Proposals for common European Union debt have resurfaced, driven by two distinct rationales: financing specific European public goods, and expanding the share of EU debt to deliver broader macroeconomic benefits. This paper focuses on the second rationale, examining whether current and proposed institutional arrangements can deliver the benefits their proponents claim. 

We find that the full set of these benefits, which include lower public borrowing costs, improved financial stability and deeper capital market integration, would only materialise under a fiscal union, in which the EU’s fiscal powers are comparable to those of a federal government. Additional temporary common debt issuance for specific purposes within the existing framework would likely fail to deliver most of the benefits. The main reason is that the current investor base for EU debt remains much narrower than that for sovereign debt. This is unlikely to change merely by issuing more debt. A proposal by Blanchard and Ubide (2025) to swap a portion of national debt into EU debt could address this, as it implies a commitment to a sizeable, permanent EU debt stock. At the same time, we argue that EU debt issued under their proposal is unlikely be AAA rated. 
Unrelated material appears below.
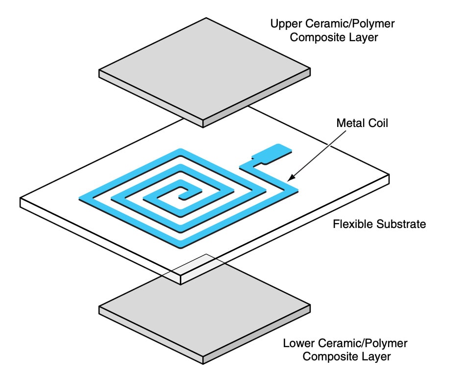 The microinductor comprises a planar spiral metal coil and a high-permeability magnetic thick-film (equivalent to the core of a conventional inductor) in the form of a ceramic/polymer composite. The metal spiral is fabricated by photolithography and etching of a copper-clad flexible polyamide substrate. The ceramic/polymer composite is deposited by stencil and screen printing, both above and below the metal spiral (see figure).

Our analysis leads to two main policy recommendations. First, the EU should commit to either permanently roll over the main source of current debt – the NextGenerationEU pandemic-recovery programme – or maintain a minimum level of EU debt outstanding. Second, the EU should take a modest step towards a fiscal union by delegating to the European Commission emergency fiscal powers, including pre-identified revenue measures, that would be activated in the unlikely event that EU debt service falls short. This would strengthen the claim that EU debt is sovereign-like. It would also bolster the prospect that EU debt issued under the Blanchard-Ubide or similar proposals would receive an AAA rating.